Supplied information.
--------------------
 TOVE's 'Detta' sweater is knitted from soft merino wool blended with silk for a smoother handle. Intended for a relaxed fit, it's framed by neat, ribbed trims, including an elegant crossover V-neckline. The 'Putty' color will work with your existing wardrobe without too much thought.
--------------------
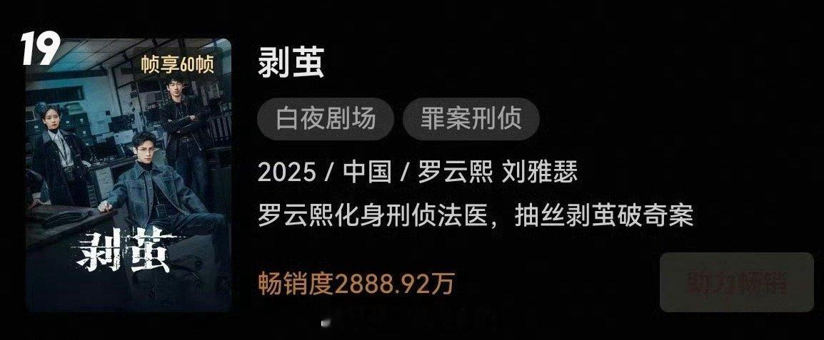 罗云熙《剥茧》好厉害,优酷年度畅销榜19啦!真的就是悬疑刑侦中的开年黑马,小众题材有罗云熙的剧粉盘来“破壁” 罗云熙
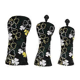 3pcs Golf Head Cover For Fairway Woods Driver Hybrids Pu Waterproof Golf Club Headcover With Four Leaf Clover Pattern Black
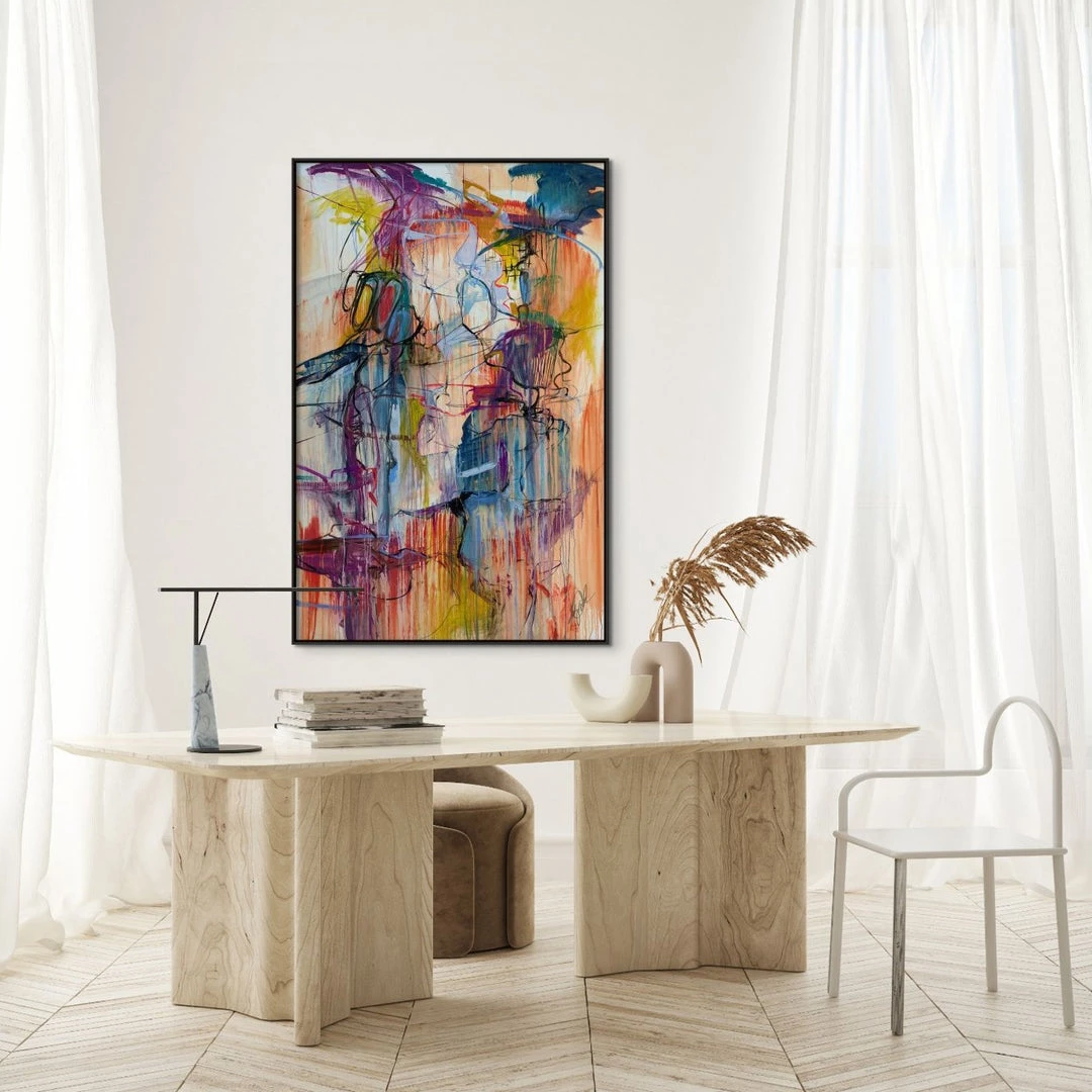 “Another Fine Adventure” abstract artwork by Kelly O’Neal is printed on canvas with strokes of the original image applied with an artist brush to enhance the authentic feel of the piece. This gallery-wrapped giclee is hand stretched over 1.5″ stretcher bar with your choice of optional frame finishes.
--------------------
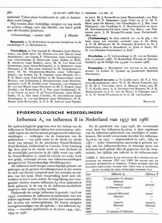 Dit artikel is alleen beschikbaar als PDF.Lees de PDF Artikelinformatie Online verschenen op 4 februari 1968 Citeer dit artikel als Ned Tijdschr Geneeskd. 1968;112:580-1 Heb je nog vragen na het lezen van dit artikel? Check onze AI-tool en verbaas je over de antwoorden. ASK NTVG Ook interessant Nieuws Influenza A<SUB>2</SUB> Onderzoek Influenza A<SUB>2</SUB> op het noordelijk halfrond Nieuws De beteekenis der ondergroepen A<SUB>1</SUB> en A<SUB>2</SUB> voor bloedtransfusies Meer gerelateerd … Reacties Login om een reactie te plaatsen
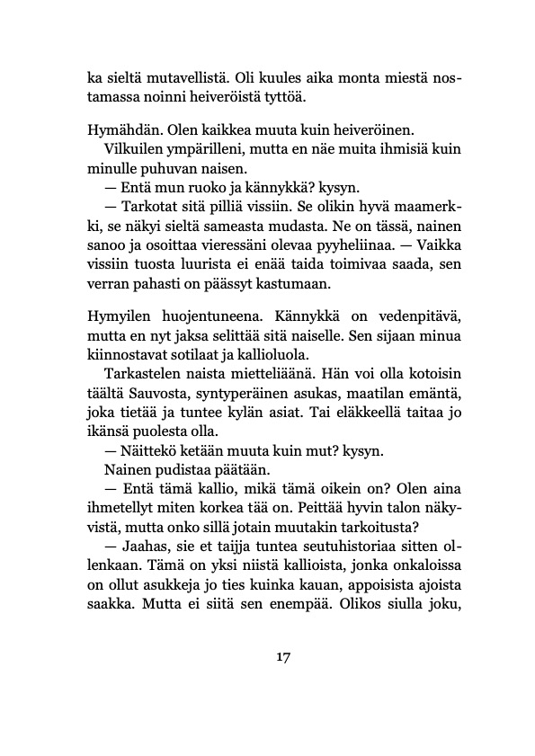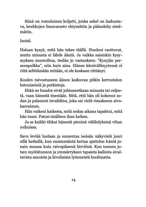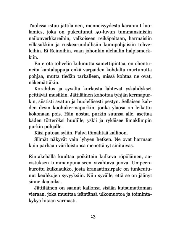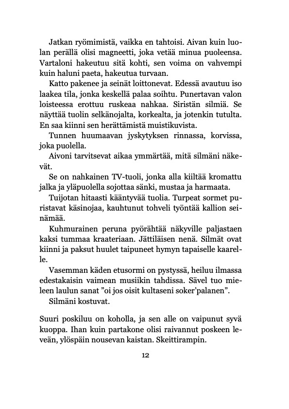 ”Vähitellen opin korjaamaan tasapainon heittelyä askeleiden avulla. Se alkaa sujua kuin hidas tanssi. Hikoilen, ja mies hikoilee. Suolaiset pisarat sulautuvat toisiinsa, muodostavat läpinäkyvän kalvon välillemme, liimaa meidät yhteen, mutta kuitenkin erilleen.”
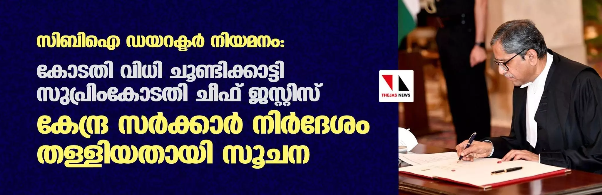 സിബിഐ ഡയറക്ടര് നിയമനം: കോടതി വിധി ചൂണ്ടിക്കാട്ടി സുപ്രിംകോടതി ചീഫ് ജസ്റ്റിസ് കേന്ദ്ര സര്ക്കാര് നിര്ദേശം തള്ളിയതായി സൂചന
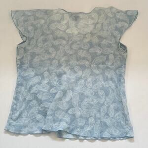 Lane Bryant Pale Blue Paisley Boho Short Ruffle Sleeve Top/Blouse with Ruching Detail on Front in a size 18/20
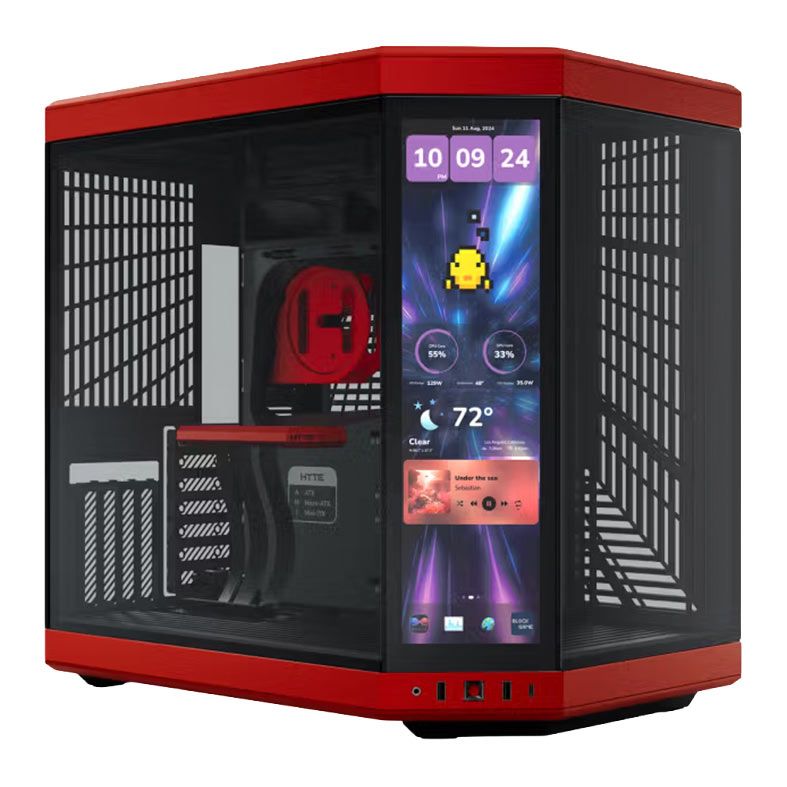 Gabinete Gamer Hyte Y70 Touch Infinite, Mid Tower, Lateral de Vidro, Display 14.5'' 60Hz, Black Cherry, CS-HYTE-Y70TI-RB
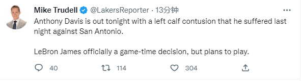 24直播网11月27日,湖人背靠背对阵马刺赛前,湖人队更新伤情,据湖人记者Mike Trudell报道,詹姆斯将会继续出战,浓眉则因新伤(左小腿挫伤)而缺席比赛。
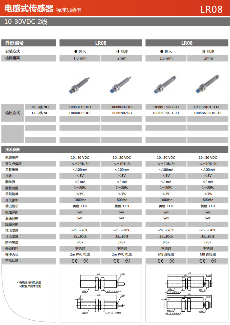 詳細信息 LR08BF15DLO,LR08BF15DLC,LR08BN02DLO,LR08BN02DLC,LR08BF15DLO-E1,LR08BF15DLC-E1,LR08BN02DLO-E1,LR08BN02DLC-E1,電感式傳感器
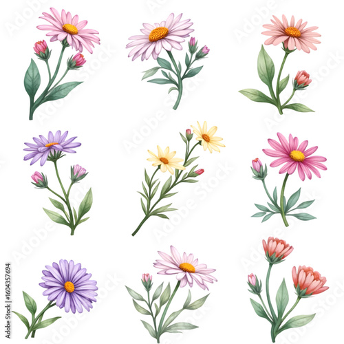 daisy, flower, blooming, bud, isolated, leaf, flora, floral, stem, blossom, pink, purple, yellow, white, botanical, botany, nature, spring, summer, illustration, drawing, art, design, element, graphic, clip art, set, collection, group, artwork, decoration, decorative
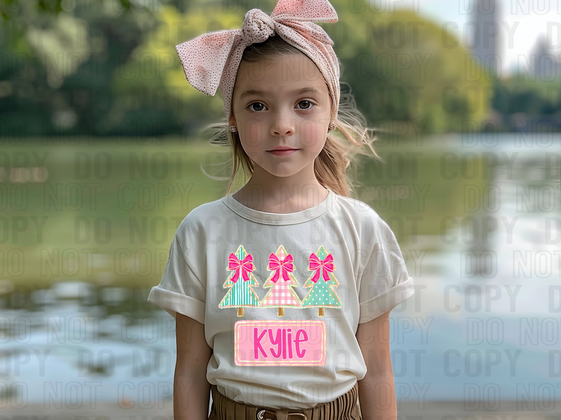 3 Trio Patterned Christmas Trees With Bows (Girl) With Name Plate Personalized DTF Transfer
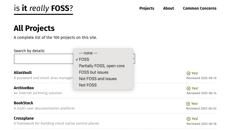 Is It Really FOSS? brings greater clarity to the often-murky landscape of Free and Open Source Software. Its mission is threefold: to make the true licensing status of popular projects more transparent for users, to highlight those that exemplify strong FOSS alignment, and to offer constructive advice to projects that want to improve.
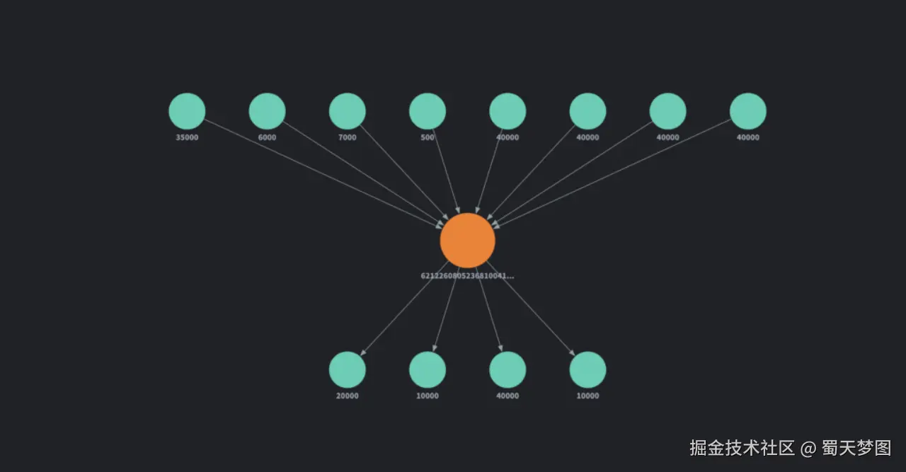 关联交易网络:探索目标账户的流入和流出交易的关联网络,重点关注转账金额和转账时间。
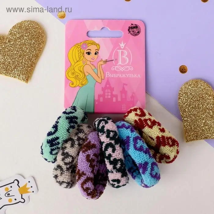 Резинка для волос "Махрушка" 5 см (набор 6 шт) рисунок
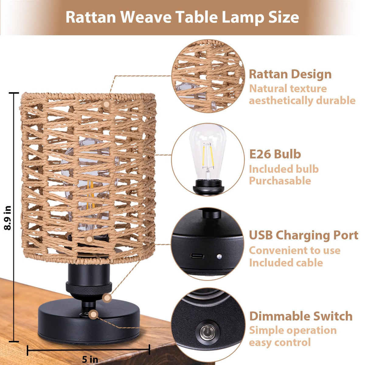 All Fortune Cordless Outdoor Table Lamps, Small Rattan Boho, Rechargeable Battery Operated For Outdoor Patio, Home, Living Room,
--------------------
Task prompt.
Out of the records above, please copy exactly the lines from the line with "Gabinete Gamer Hyte" up to and including the line with "24直播网11月27日,湖人", minus the pictures.

Output.
 Gabinete Gamer Hyte Y70 Touch Infinite, Mid Tower, Lateral de Vidro, Display 14.5'' 60Hz, Black Cherry, CS-HYTE-Y70TI-RB
 24直播网11月27日,湖人背靠背对阵马刺赛前,湖人队更新伤情,据湖人记者Mike Trudell报道,詹姆斯将会继续出战,浓眉则因新伤(左小腿挫伤)而缺席比赛。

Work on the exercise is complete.